Quando menciono brancos comuns que podem ficar incomodados com o cara de “Thrift Shop” dizendo em um rap que a bandeira dos Estados Unidos é um símbolo de supremacia racial, Macklemore responde: “Em algum momento, essa faixa pode afetar as vendas ou a turnê, mas simplesmente não importa contanto que eu esteja me comunicando que eu esteja me motivando a falar a verdade.”

Fuga do Fácil

No segundo disco com Ryan Lewis, rapper se arrisca com canções menos pop

Embora tenha estourado com duas músicas festivas – “Thrift Shop” e “Can’t Hold Us” –, em ambas Macklemore teve como inspiração a rejeição ao conformismo e a proteção da autoconfiança. Desde o início da carreira, o que tem amarrado a música de Macklemore é a honestidade e a autoconsciência do rapper.

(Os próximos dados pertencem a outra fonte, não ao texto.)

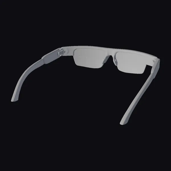 Positioned at a slight angle, the glasses showcase their ergonomic design, with temples that curve seamlessly around the ears. The clear lenses, devoid of any visible frames within, offer a sleek, unobstructed view. The black frame, crafted with precision, features subtle blue accents that add a touch of sophistication. These smart glasses are not just a fashion statement but a gateway to integrating technology into various projects, from game environments and animations to architectural visualizations and product designs. Their detailed texture and realistic appearance make them an invaluable asset for creators looking to infuse their work with a dose of modernity.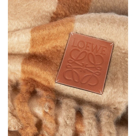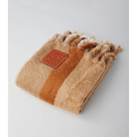 Crafted from a blend of mohair wool, wool and nylon, this striped and multicolored blanket from Loewe Home has fringed edges and a leather logo plaque at one side.
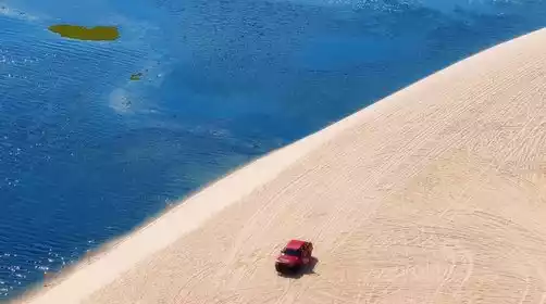 Then we went to the Red Sand Dunes, which is a red sand dune close to the coast. The sand is relatively soft and very comfortable to walk on. There are some dense woods on the north and west sides of the dunes. When taking pictures, you can capture the dunes, the coast and the woods at the same time, with the sea on one side and the desert on the other.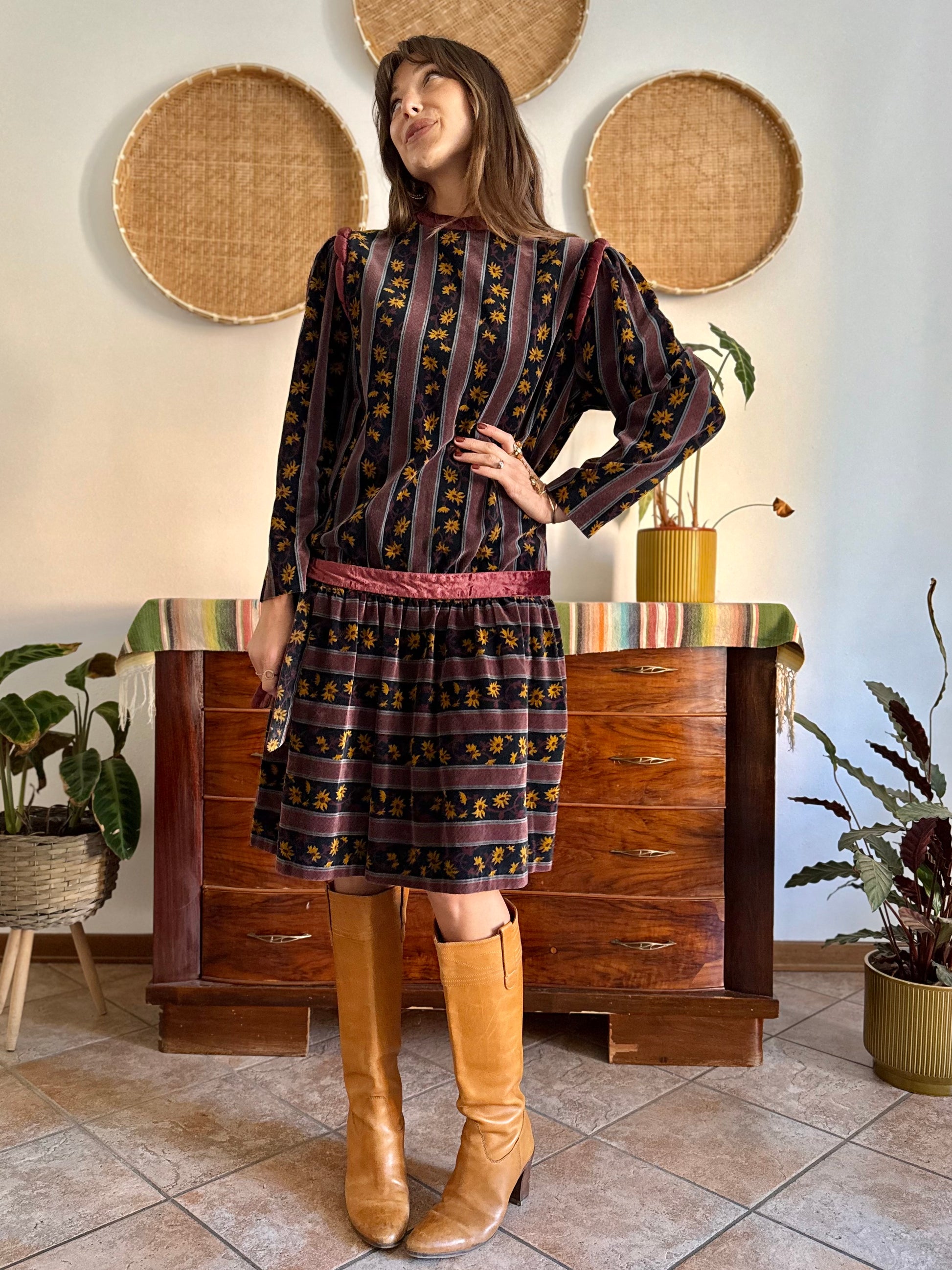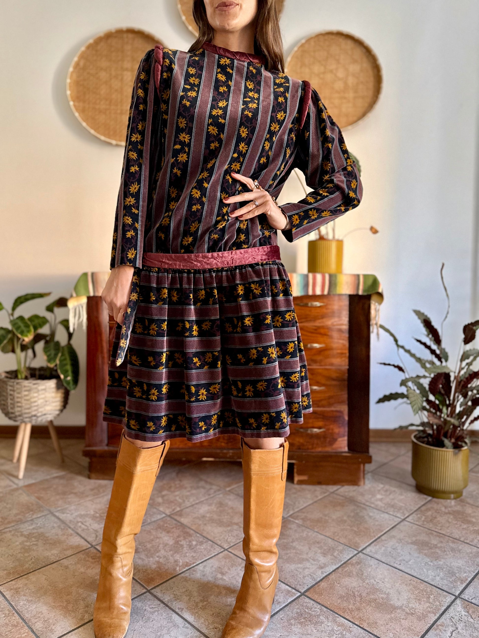1970's vintage burgundy and black velvet drop waist dress with grey and mustard floral print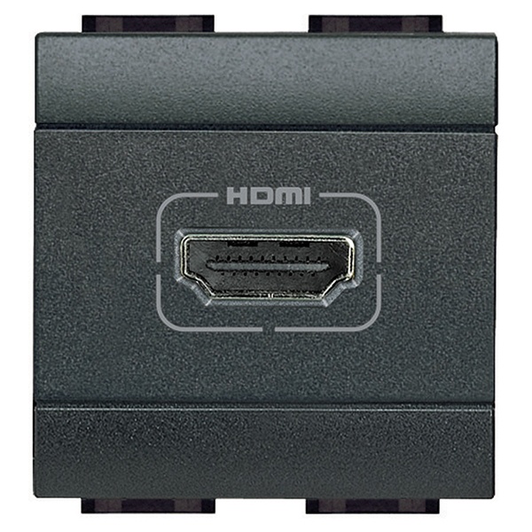 Двухмодульный мультимедийный разъем HDMI, Bticino серии LivingLight, цвет антрацит. L4284

Isso continua verdadeiro em This Unruly Mess I’ve Made. Na faixa de abertura, “Light Tunnels”, Macklemore descreve a indústria do entretenimento como uma farsa movida a insegurança e faminta por congratulações; em “Kevin”, inspirada pela overdose de remédios de um amigo, ele acusa as grandes indústrias farmacêuticas de serem uma gangue de assassinos buscando o lucro e de serem protegidas por um sistema de justiça hipócrita. Mais ambiciosamente e complicadamente , o rapper dedica nove minutos a “White Privilege II”, que levanta várias perguntas sobre a sociedade racista em que vivemos e a própria cumplicidade de Macklemore, como um rapper branco, dentro dela. Nenhuma dessas faixas reflete o que se chamaria de impulsos tradicionalmente comerciais e, embora Macklemore negue que o imenso sucesso de The Heist tenha levado a um afastamento consciente da acessibilidade pop, o empresário da dupla, Zach Quillen, reconhece que uma faixa como “White Privilege II” pode alienar os fãs de “Thrift Shop”. “Ela pode espantar uma parte do nosso público”, afirma. “Por um lado, tivemos um sucesso com The Heist muito maior do que conseguiríamos prever, então temos capital para gastar. Por outro lado, é insanamente arriscado.”